Direct vs. indirect va. total causal effect
In the model we have fit, the coefficient for discourse status, for instance, along with its standard error, reflects the direct causal effect of this variable. This is to say that the model compares a given and a new recipient (or theme, as the case may be) that are identical on all other variables: They have the same pronominality, definiteness, and length.
Let’s use the {marginaleffects} package (Arel-Bundock, Greifer, and Heiss 2024) to get an estimate of the direct causal effect of recipient discourse status (on the proportion scale). Apparently, it is quite small (88% NPs for a given recipient vs. 82% NPs for recipient that is not given).
marginaleffects::avg_predictions(
m_full,
variables = "given_rec"
)
given_rec Estimate Std. Error z Pr(>|z|) S 2.5 % 97.5 %
0 0.815 0.01218 66.9 <0.001 Inf 0.791 0.839
1 0.876 0.00899 97.5 <0.001 Inf 0.859 0.894
Type: response According to Figure 1, however, the predictor discourse status also affects the realization of the recipient indirectly, through other causal channels. Specifically, there are four other pathways:
discourse status->definiteness->NPdiscourse status->length->NPdiscourse status->pronominality->NPdiscourse status->pronominality->length->NP
Aggregating over these four indirect pathways, we obtain the indirect effect of discourse status on the realization of the recipient. Once a DAG is drawn, then, we can distinguish between direct effects and indirect effects. The direct effect is represented by the arrow going from discourse status into NP:
discourse status->NP
The indirect effect, on the other hand, is the sum of the indirect causal pathways. The total effect of discourse status is the sum of the direct and all indirect effects.
Importantly, the coefficients returned by regression models always reflect direct effects. This means that if the model includes predictors that transmit indirect effects, these indirect effects will not be reflected in the coefficients. If we would like a regression coefficient to return an estimate of the total causal effect of a predictor, we must leave all indirect pathways open. This means that we must not adjust for those variables that transmit an indirect effect. According to Figure 1, a regression model that addresses the total causal effect of discourse status must not include any of the other predictors.
Let us fit such a model:
m_marginal_given <- glm(
NP ~ given_rec,
family = binomial,
data = dative_give)And then we use {marginaleffects} to get an estimate of the total causal effect of the discourse status of the recipient (again on the proportion scale). This association is much larger: 93% NPs for a given recipient vs. 57% NPs for a recipient that is not given.

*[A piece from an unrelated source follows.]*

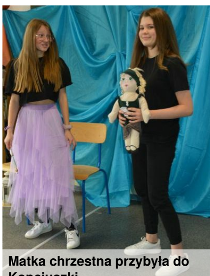
Matka chrzestna przybyła do Kopciuszki

marginaleffects::avg_predictions(
m_marginal_given,
variables = "given_rec"
)
given_rec Estimate Std. Error z Pr(>|z|) S 2.5 % 97.5 %
0 0.567 0.02587 21.9 <0.001 351.1 0.516 0.617
1 0.925 0.00729 126.9 <0.001 Inf 0.911 0.940
Type: response The first key question, then, is whether you are interested in the direct or the total effect of a predictor. Both are usually meaningful (and relevant), and it therefore seems reasonable to consider both. It is arguably only in combination, and alongside a DAG, that these coefficients tell the linguistic story behind the data.
The distinction between direct, indirect, and total effects is the first key insight a DAG can contribute to our interpretation of the data.
Confounding
Another important theme in multifactorial modeling is confounding. Thus, in the data at hand, we observe an overall association between definiteness and NP. This is reflected in a regression model including definiteness as the only predictor:
m_marginal_definite <- glm(
NP ~ definite_rec,
family = binomial,
data = dative_give)Using {marginaleffects}, we can get an estimate of the overall association between recipient definiteness and the response variable on the proportion scale: 88% of the definite recipients are realized as a NP, vs. 62% of the indefinite recipients.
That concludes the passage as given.